This is the mail archive of the gcc@gcc.gnu.org mailing list for the GCC project.

Index Nav:	[Date Index] [Subject Index] [Author Index] [Thread Index]
Message Nav:	[Date Prev] [Date Next]	[Thread Prev] [Thread Next]
Other format:	[Raw text]

Better info for combine results in worse code generated

From: Alan Modra <amodra at gmail dot com>
To: gcc at gcc dot gnu dot org
Date: Fri, 29 May 2015 00:09:42 +0930
Subject: Better info for combine results in worse code generated
Authentication-results: sourceware.org; auth=none

It's really annoying when you fix a combine bug and get worse code..

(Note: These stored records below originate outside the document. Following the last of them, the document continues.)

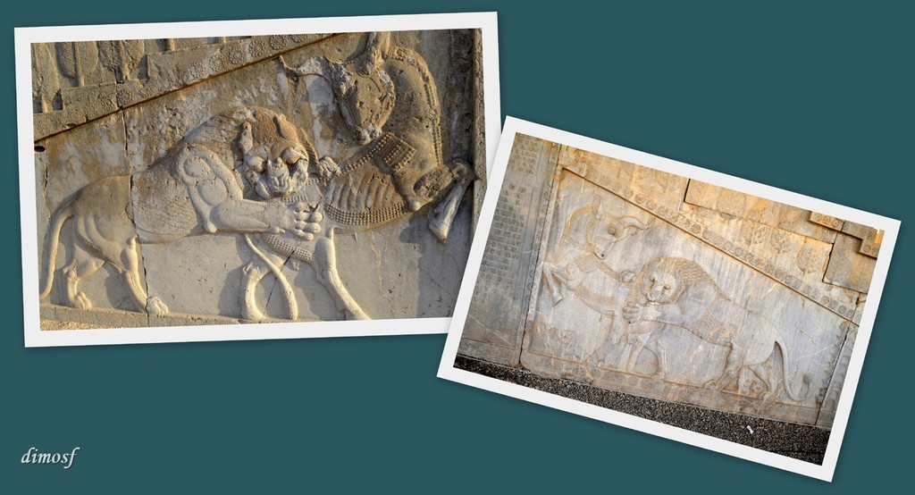 και αυτό του λιονταριού που επιτίθεται στον ταύρο. Διάβασα διάφορες ερμηνείες γι αυτό, όπως πως πρόκειται για τυπικό σύμβολο της βασιλικής δύναμης, ή πως είναι αρχαίο Ζωροαστρικό σύμβολο που δείχνει τον ερχομό του νέου έτους (Νορούζ) που διώχνει τον παλιό. Για να υπάρχει τόσες πολλές φορές μάλλον η πρώτη ερμηνεία μοιάζει πιο ισχυρή.
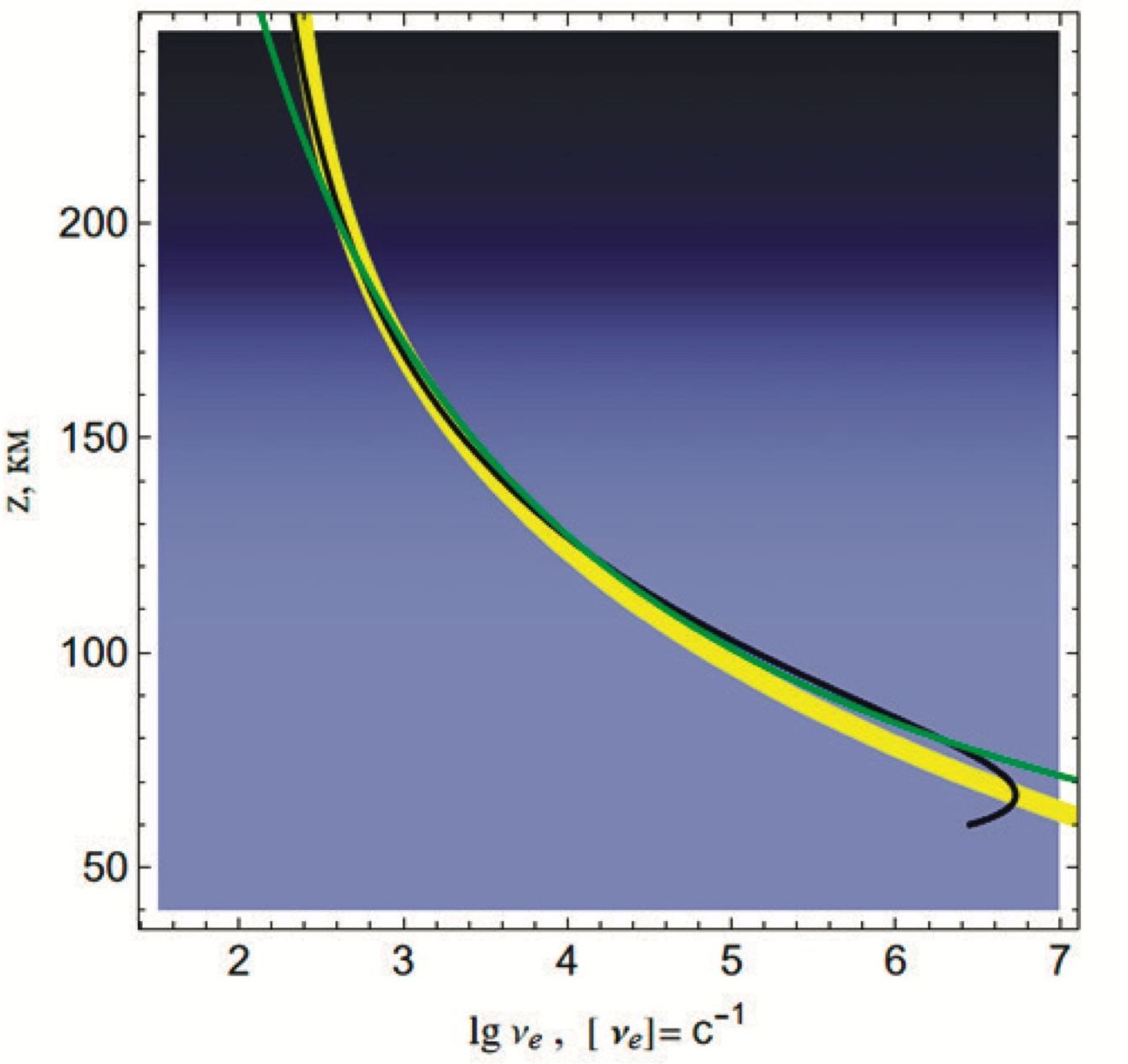 Настоящая работа посвящена определению эффективной частоты соударений электронов с нейтральными молекулами. Этот параметр определяет поглощение электромагнитных волн в ионосферных слоях и поэтому играет, совместно с распределением электронной концентрации, а также величиной и направлением магнитного поля Земли, важную роль при моделировании характеристик распространения радиоволн на ионосферных трассах [6].
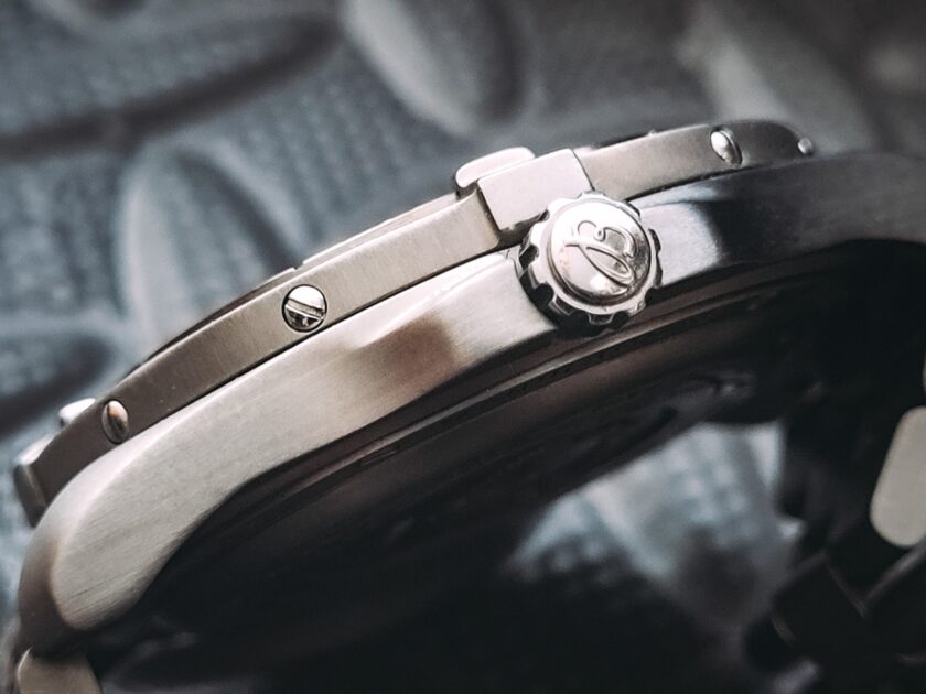 Y, sin embargo, a falta de un término mejor, me atrevería a describir el diseño como muy masculino. Su apariencia predominantemente cepillada (el único pulido es una línea fina y discontinua alrededor del cristal) y su diseño táctico le dan una calidad industrial de herramienta, observable hasta en los tornillos del bisel. La única nota de verdadera superfluidad podría ser su polémico brazalete. Los eslabones en ángulo pueden polarizar a los aficionados de Breitling, pero creo que todo forma parte del encanto de patito feo de este reloj.
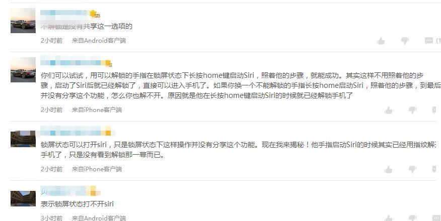从国外的视频来看,带有指纹的iPhone似乎可以通过Siri漏洞直接进入桌面,让人匪夷所思。不过也有部分网友表示了质疑:
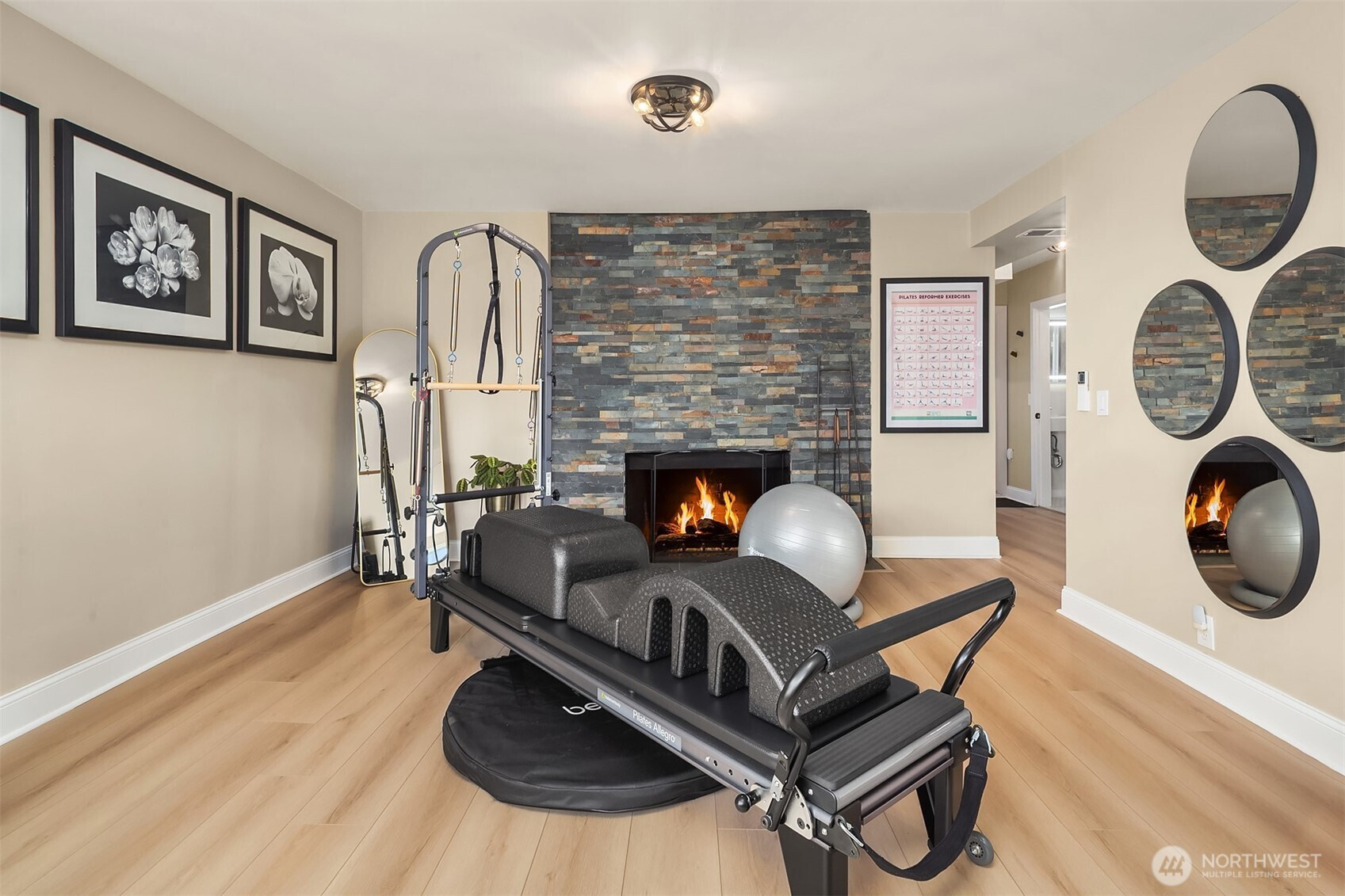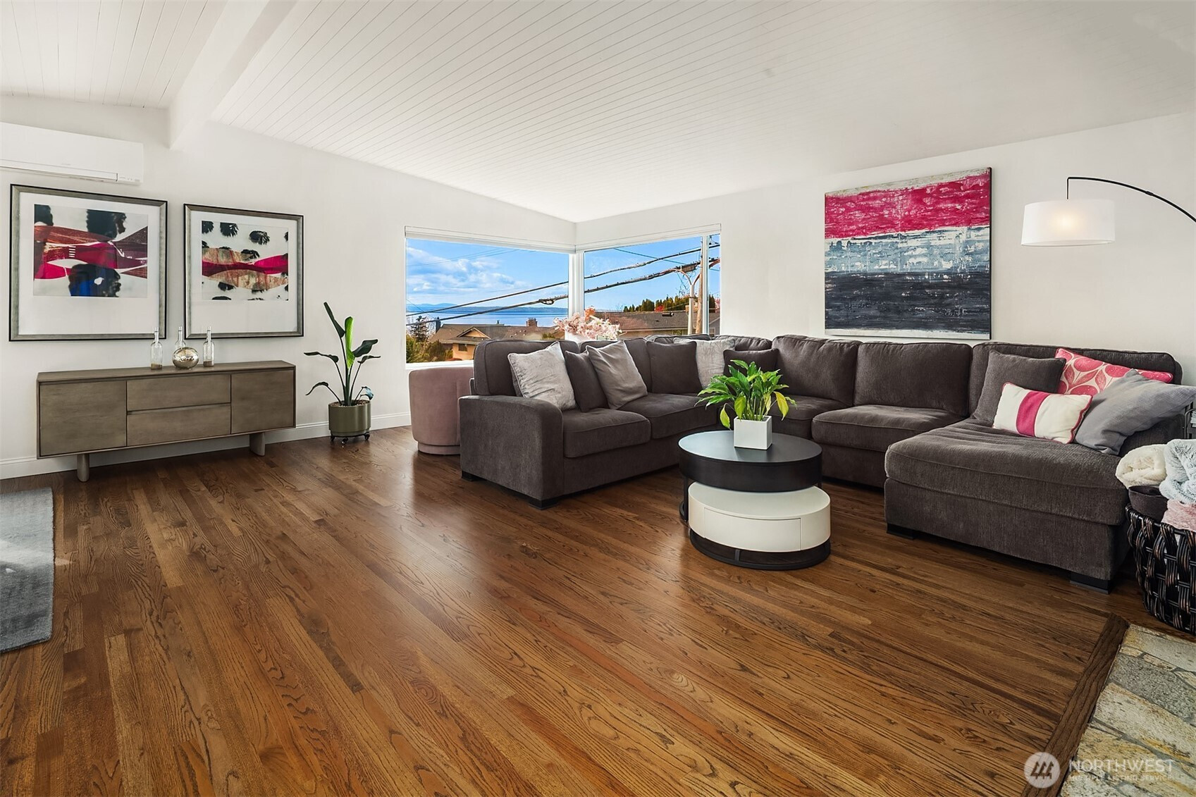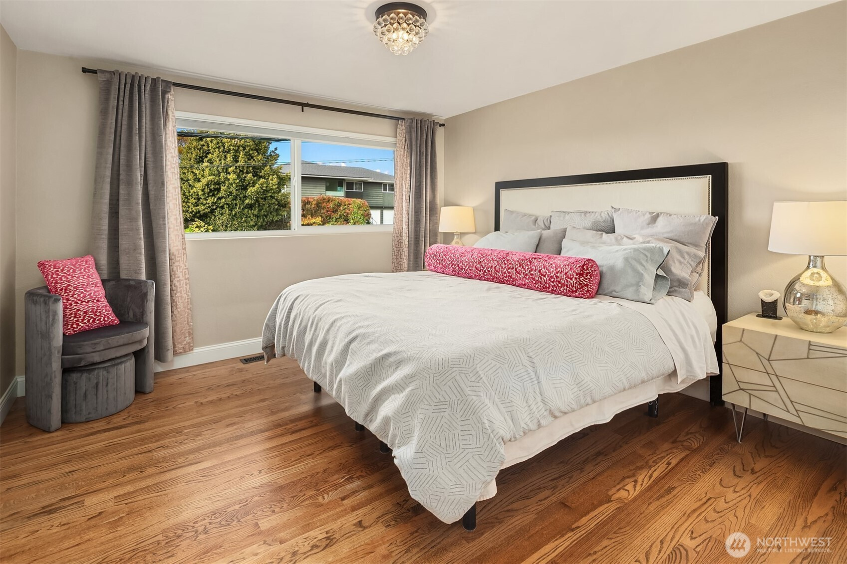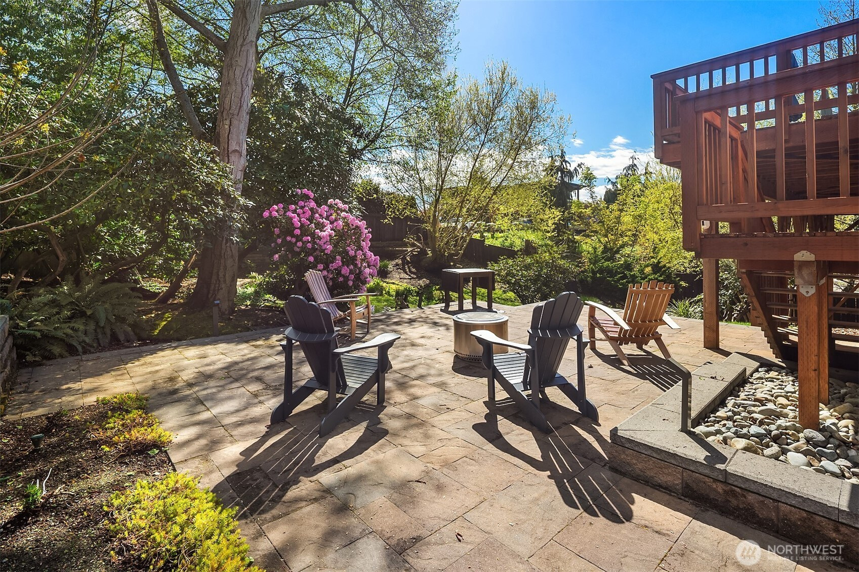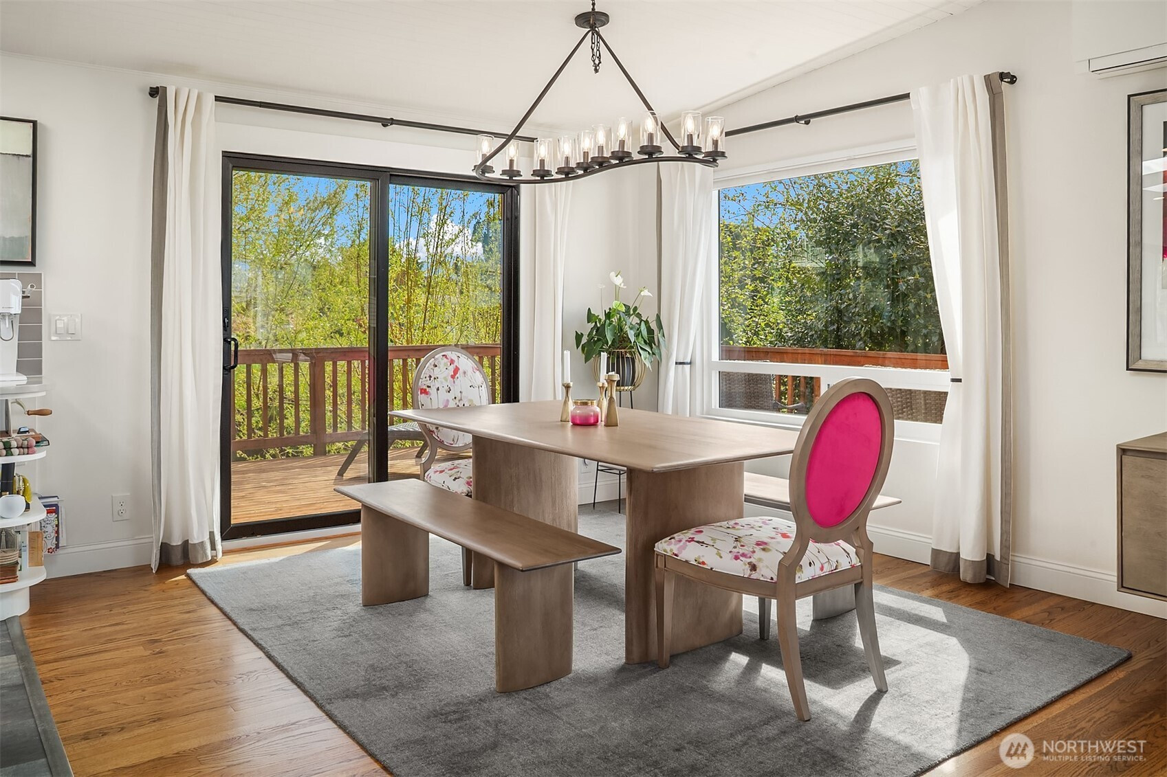 In the heart of Edmonds Bowl offering Olympic Mountain and Puget Sound views, sits this beautifully updated 4-bedroom, 1.75-bath home. The split-entry design welcomes you upstairs to a fully remodeled kitchen featuring grey quartz countertops, a slate grey island with built-in microwave and Bosch electric range, a farmhouse sink, skylights, and walls of windows that fill the space with natural light. The interior has been completely repainted, offering a fresh, move-in-ready feel. Off the kitchen is the dining area and living room with a brick wood-burning fireplace. The primary suite is conveniently located on this floor with a full ensuite bathroom. Two additional bedrooms complete this level. Downstairs features new LVP flooring and a spacious rec room with a stacked stone wood-burning fireplace. A bedroom and ¾ bath along with the laundry room are also conveniently located downstairs. Step outside to an expansive deck ideal for gatherings. Walk down the deck to the patio and enjoy the lush backyard. Unbeatable location with easy access to the ferry, waterfront, and all the shopping and dining that Edmonds has to offer.
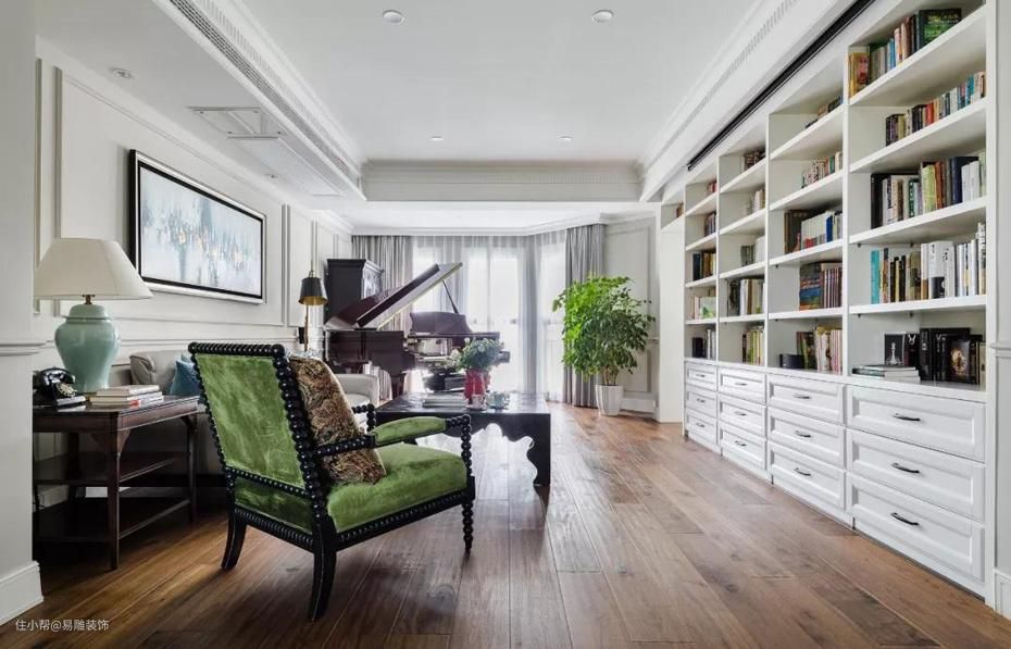 并不是说『看电视模式』不好,但随着社会发展,大家获取信息、休闲娱乐不再局限于电视节目,很多年轻家庭甚至电视都看得少了。每个家庭每个不同的阶段对于客厅的需求都是不一样的,举例一些不同功能模式的客厅供大家参考。1、 书虫模式 有一部分人喜欢看书,有一部分人喜欢买书,家里会有比较多的书,客厅可能会兼具『超大书房』的功能,我称之为『书虫模式客厅』。
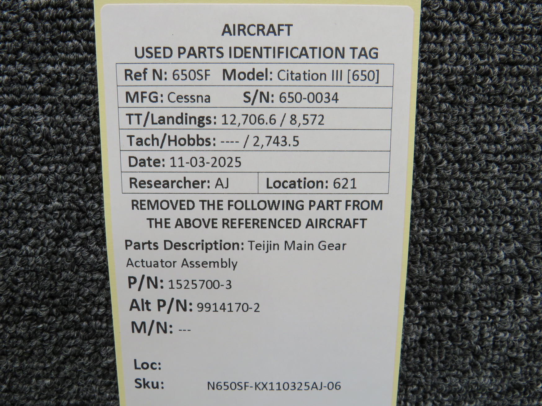 Unless specifically noted, most of our used airplane parts are sold in the condition they were removed, which means you should expect the usual signs of wear and tear.
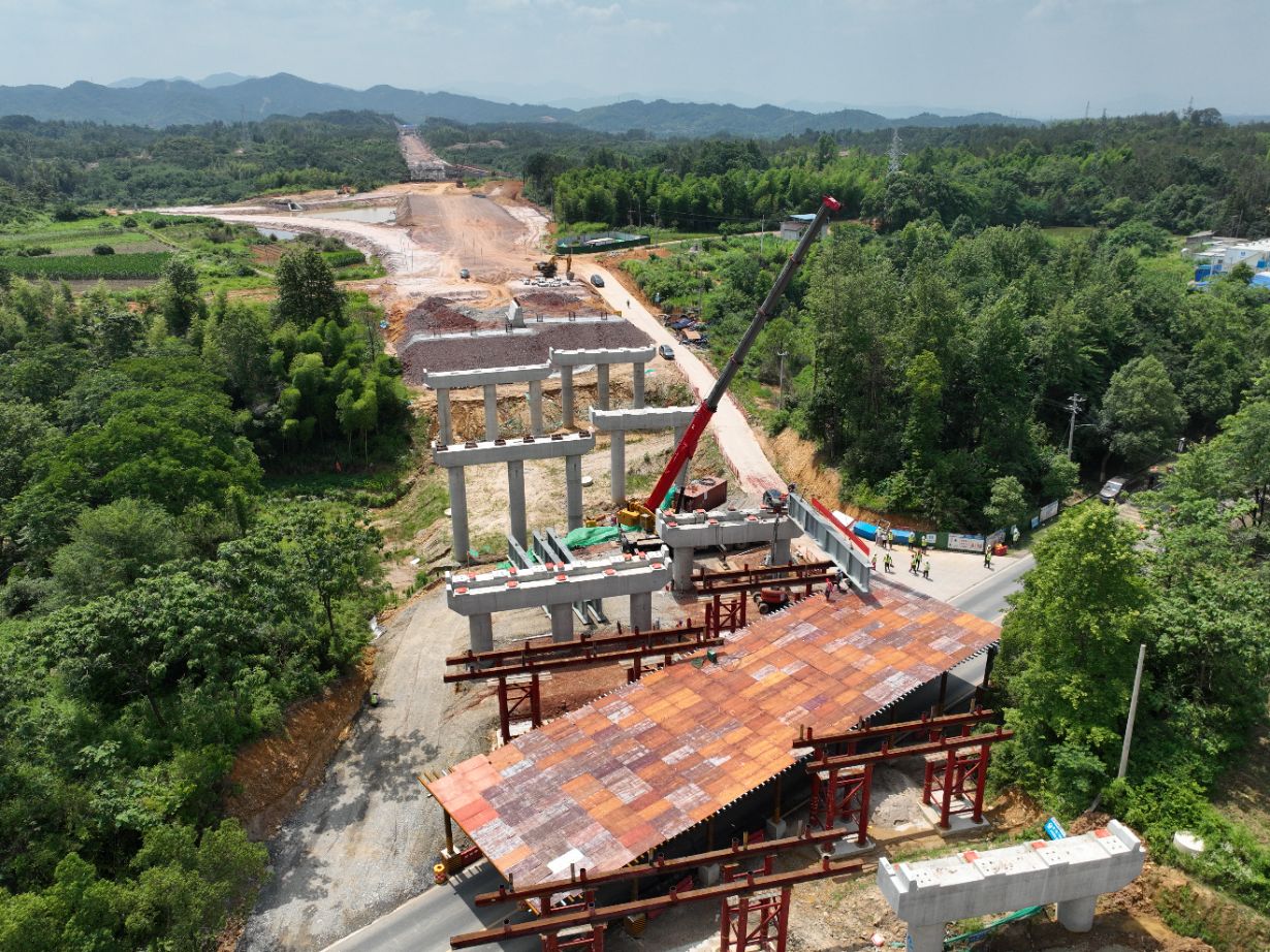 作为通修高速公路第二标段关键性节点工程,G106跨线桥首联钢混梁全长40米,总重量223.5吨,采用分段焊接、分段吊装施工方法。在保证G106国道正常通行条件下,为成功完成吊装作业,项目团队创新采用“智能监测+液压调节”技术,通过BIM模型与实景模型融合技术模拟现场吊装环境,结合北斗定位系统实时监控梁体姿态,确保毫米级精度对接。同时,现场配备智能监控系统,实现提前预警桥下交通流量,便于选择车辆较少时间段进行施工,结合传统人工保通不仅缩短工期15%,也有效确保了施工安全。
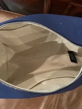 Features Hermès’ signature durable cotton canvas with the embroidered “H,” top handle, and zip closure with snap flap. Interior includes multiple flat pockets for easy organization, making it perfect as a luxury toiletry case, travel pouch, or casual carry.

The following was part of a larger patch.  What this part does is
simply not throw away useful info about non-zero bits.  The upper bits
that "we don't know anything about" are not those indicated by
last_set_mode, because nonzero_bits_mode may have been used to
calculate last_set_nonzero_bits.  See record_value_for_reg.

Index: combine.c
===================================================================
--- combine.c	(revision 223725)
+++ combine.c	(working copy)
@@ -9832,10 +9832,16 @@ reg_nonzero_bits_for_combine (const_rtx x, machine
 		   REGNO (x)))))
     {
       unsigned HOST_WIDE_INT mask = rsp->last_set_nonzero_bits;
+      machine_mode mask_mode = rsp->last_set_mode;
 
-      if (GET_MODE_PRECISION (rsp->last_set_mode) < GET_MODE_PRECISION (mode))
+      /* We possibly calculated last_set_nonzero_bits in a wider mode.  */
+      if (GET_MODE_CLASS (mask_mode) == MODE_INT
+	  && GET_MODE_PRECISION (mask_mode) < HOST_BITS_PER_WIDE_INT)
+	mask_mode = nonzero_bits_mode;
+
+      if (GET_MODE_PRECISION (mask_mode) < GET_MODE_PRECISION (mode))
 	/* We don't know anything about the upper bits.  */
-	mask |= GET_MODE_MASK (mode) ^ GET_MODE_MASK (rsp->last_set_mode);
+	mask |= GET_MODE_MASK (mode) ^ GET_MODE_MASK (mask_mode);
 
       *nonzero &= mask;
       return NULL;

The problem is that the following testcase on powerpc64le now
generates worse code.

void foo (signed char *p) { if (*p != 0) *p = 1; }

	before			after
foo:			foo:
	lbz 9,0(3)		lbz 9,0(3)
	cmpwi 7,9,0		andi. 10,9,0xff
	beqlr 7			beqlr 0
	li 9,1			li 9,1
	stb 9,0(3)		stb 9,0(3)
	blr			blr

That record form andi. is slower on many processors, and restricted to
setting cr0.


This is what combine sees at the start of the function.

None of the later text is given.